A now-sacked Ghanaian government minister has admitted that he accepted a cash gift of $40,000 (£33,000) “in order not to offend the sensibility of a potential wealthy investor”, according to an official report into the incident.
Charles Adu Boahen was dismissed as a minister last November after an investigative journalist caught him on camera appearing to accept the money from someone pretending to be a wealthy sheikh who had expressed an interest in investing $500m in the continent including setting up an Islamic Bank in Ghana.
Ghana’s Office of the Special Prosecutor (OSP), which looks into alleged corruption and corruption-related activities, launched a six-month investigation and released its report on Monday.

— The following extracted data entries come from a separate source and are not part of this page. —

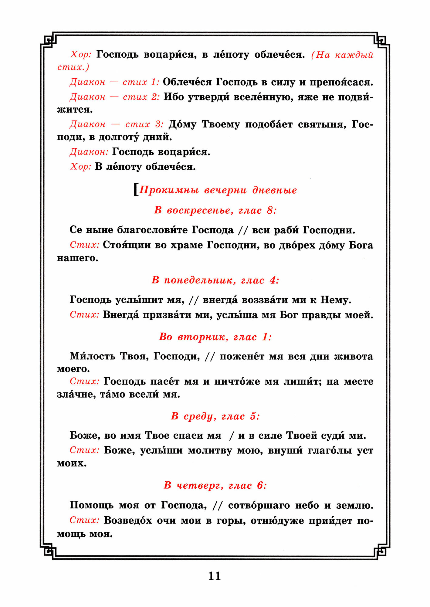 Неизменяемые нотные песнопения и текст чтеца набраны средним шрифтом, а изменяемые песнопения - укрупненным, с ударениями и разметкой для пения.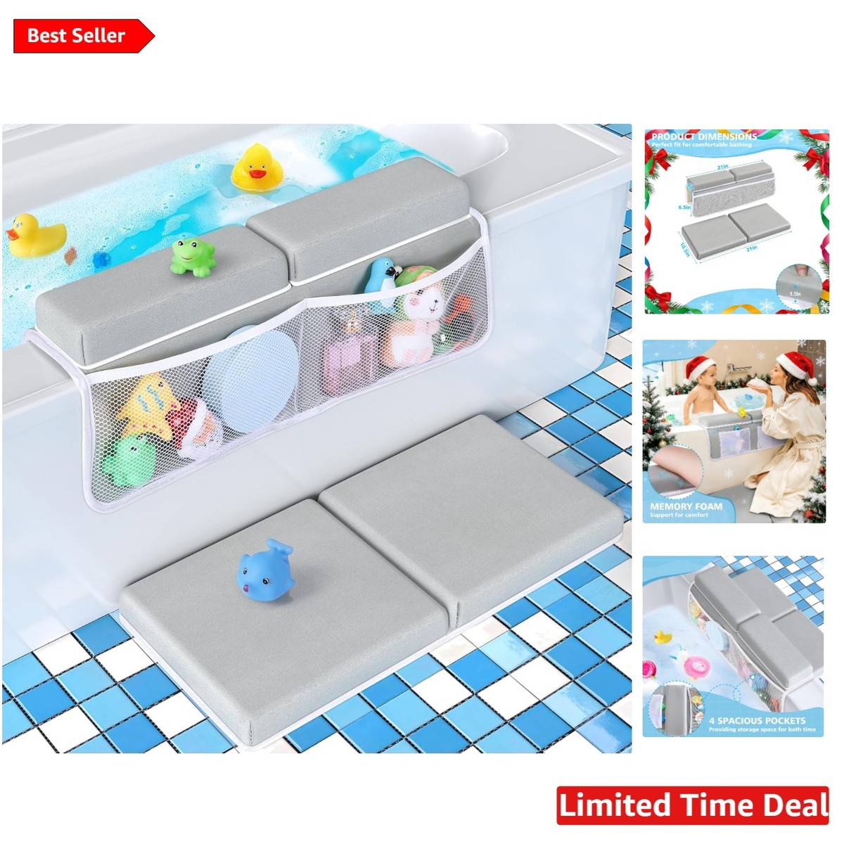 Stable Dual-Anchor Security: High-friction rubberized bottom combined with silicone suction cups keeps pads securely in place during those splashy bath times.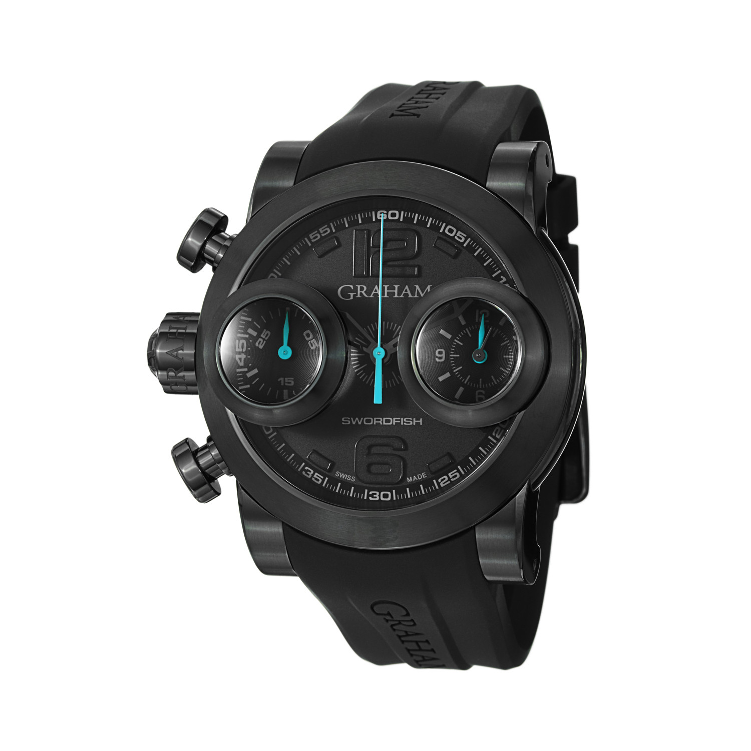 Easy to love but often faked, the Swordfish Automatic Chronograph by Graham is a gorgeous and arresting automatic watch. Its design features two portholes at 3 and 9 o'clock, which operate as a 30 minute and 12 hours/seconds counter, with a power reserve of 48 hours. You'll love its bold blacked-out appearance, which carries through the face, bezel, strap, and even its additional pushers.

The secret filming by media company Tiger Eye PI also showed Mr Adu Boahen asking for “20% of the intended investment as his cut” and a fee of $200,000 for the vice-president,” the OSP report says. The vice-president knew nothing of the arrangement.

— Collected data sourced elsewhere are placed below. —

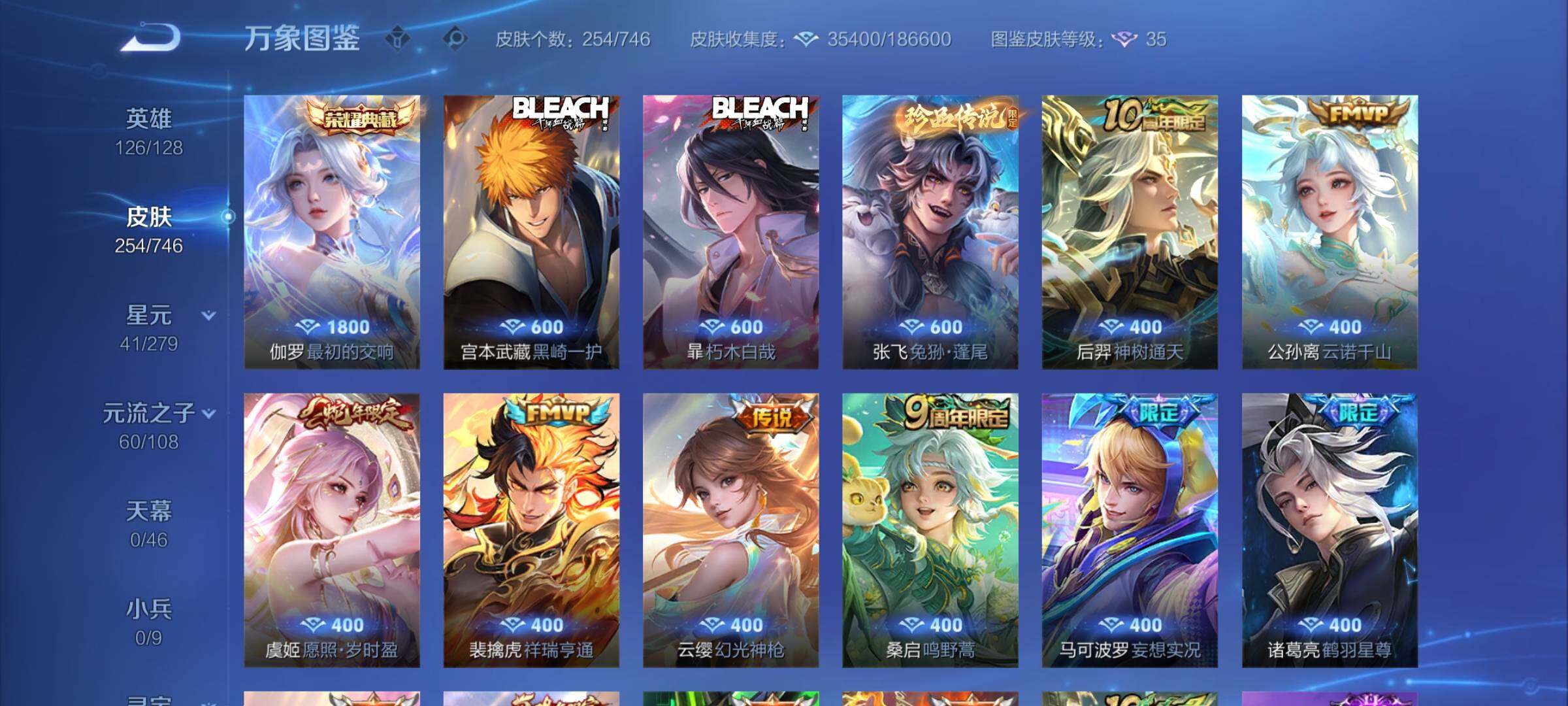 2291838-可换绑【性价比优质号 6金标 伽罗典藏 三珍品 凤求凰 多传说限定号】 1星传说 12按键 21王者印记 满级铭文 可二次2113 安卓q-v7-254皮肤-1典藏皮肤-3珍品传说-12传说-61史诗【英雄全皮】:影全皮【荣耀典藏】:伽罗最初的交响【珍品传说】:张飞兔狲蓬尾,暃朽木白哉,宫本武藏黑崎一护【星元皮肤】:李白玉鸾吟【传说皮肤】:后羿神树通天,公孙离云诺千山,虞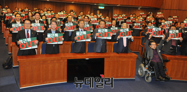 국민의당 제1차 중앙위원회의가 10일 오후 국회 헌정기념관에서 열린 가운데 박지원 비대위원장, 안철수 전 대표 등 참석자들이 박근혜 대통령 규탄 피켓을 들고 구호를 하고 있다.
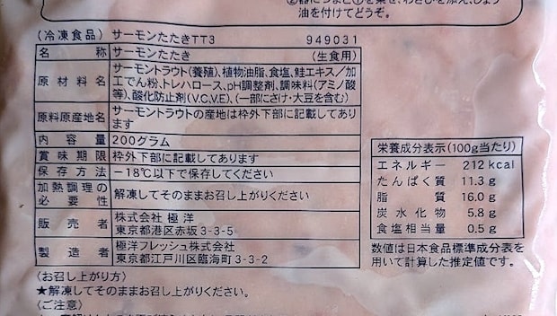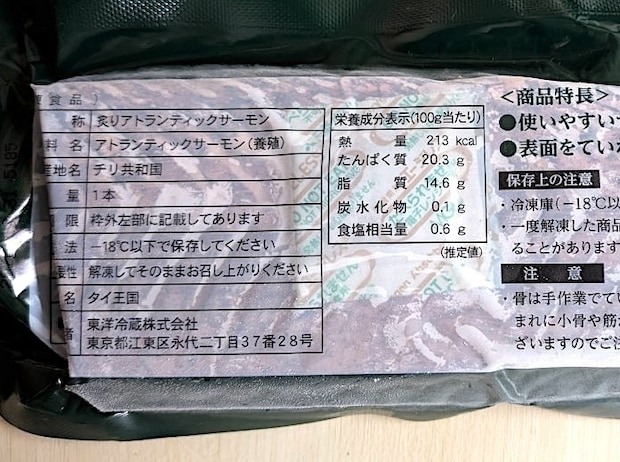 裏面表示には、チリ産のアトランティックサーモンと記されています。

In his conclusions, Special Prosecutor Kissi Agyebeng said Mr Adu Boahen “exhibited [a] lack of sound judgment. His claim that he accepted the cash gift to avoid offending the supposed sheikh lies very thinly.”
In addition, Mr Kissi Agyebeng said the former minister was “quite reckless” in bringing up the vice-president.
Despite these conclusions the OSP said that while Mr Adu Boahen’s actions amounted “to trading in influence or influence peddling” they are not criminal offences in Ghanaian law and as a result he cannot be prosecuted.